Com a discussão centrada nos problemas do jornalismo e na sua relação com a política, o debate quase perdeu o “Norte” prometido pelo título. Mas Pedro Magalhães chegou a sublinhar a importância dos olhares sobre as “comunidades locais”, nos media, e Santos Silva reconheceu a existência de um “défice” de pluralismo nesse nível, ressalvando que tanto dedicava essa preocupação ao Norte, como ao Alentejo ou aos Açores, e exortando os meios de comunicação social “com sede ou antenas na região” a produzirem conteúdos de proximidade.
Da plateia, Manuel Tavares, director do Jornal de Notícias, lembrou que o Porto já perdeu O Primeiro de Janeiro e O Comércio do Porto e lamentou que os partidos políticos sejam “napoleónicos” e não se preocupem com a diversidade regional da informação.
Cherchez la femmme
A ausência de uma única mulher no leque de convidados desta 9.ª edição dos Olhares Cruzados motivou a publicação, há uma semana, de um artigo de opinião subscrito por cerca de 40 académicos no qual se lamenta o défice de representação do sexo feminino nos espaços de debate e opinião pública portugueses.
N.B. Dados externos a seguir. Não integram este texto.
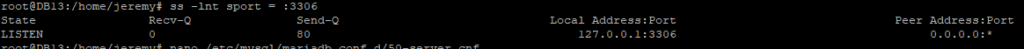 On va donc éditer le fichier /etc/mysql/mariadb.conf.d/50-server.cnf pour qu’il écoute aussi les IP externes.
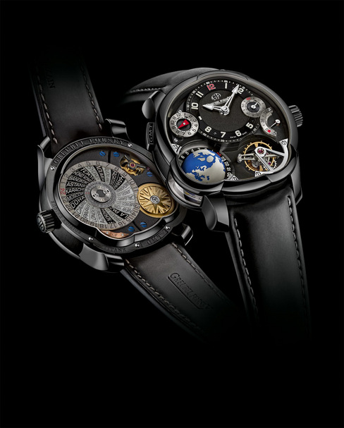 ▲ GREUBEL FORSEY以真空处理的ADLC碳膜加工技术为表壳加上一层深黑色的碳膜,GMT Black手表将限量制作仅22枚。
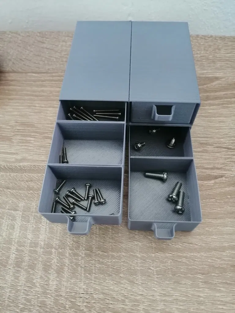 Các ngăn kéo sửa đổi cho https://www.thingiverse.com/thing:2857697. Ngăn kéo phân chia cho bu lông nhỏ hơn và đai ốc.
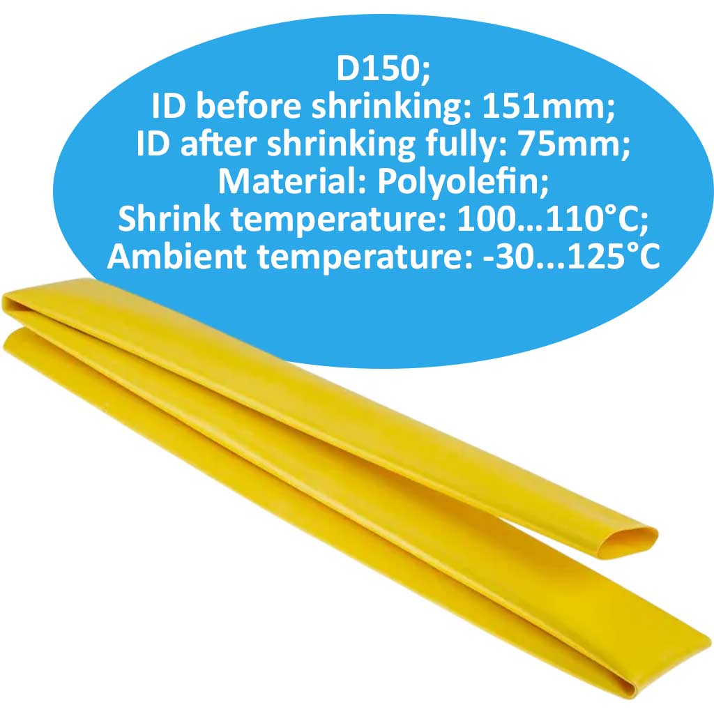 Kích thước: D150; Đường kính trong trước khi co rút: 151mm; Đường kính trong sau khi co rút hoàn toàn: 75mm; Màu sắc: Yellow; Vật liệu: Polyolefin; Nhiệt độ co: 100…110°C; Nhiệt độ môi trường: -30...125°C ...Xem Thêm
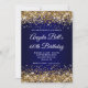 Gold Glitter Navy Blue Ombre 60th Birthday Invitation
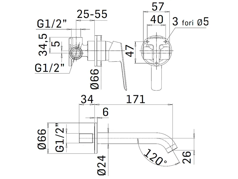 MAMOLI SPARTACO SPARTACO 4928 Смеситель для раковины однорычажный, встраиваемый, настенного монтажа в комплекте с внутренней частью. Цвет brushed inox (матовая сталь).

“Mais uma grande conferência sobre o país onde a palavra é dada apenas a homens: Olhares Cruzados sobre Portugal (29 Jan.-19 Fev. 2014). Mais um grande ciclo de conferências e debates onde os organizadores – desta vez uma universidade de prestígio, a Universidade Católica, e um jornal de referência, o PÚBLICO – consideram “normal” não terem uma única mulher entre os 12 ilustres convidados”, lê-se logo no início do texto intitulado M de Mérito ou M de Masculino?.
Na sessão de anteontem, Pedro Magalhães começou por assumir que era um dos subscritores, para logo confessar que já começava a sentir “empatia” com a organização dos Olhares Cruzados. Confessou que dos seis convites que formulara para uma conferência que estava a organizar na Universidade do Minho, os três que tinham sido dirigidos a mulheres tinham sido todos declinados. A organização do Olhares Cruzados comunicou que se deparara com um problema idêntico, mas que, em todo o caso, tomara boa nota das críticas.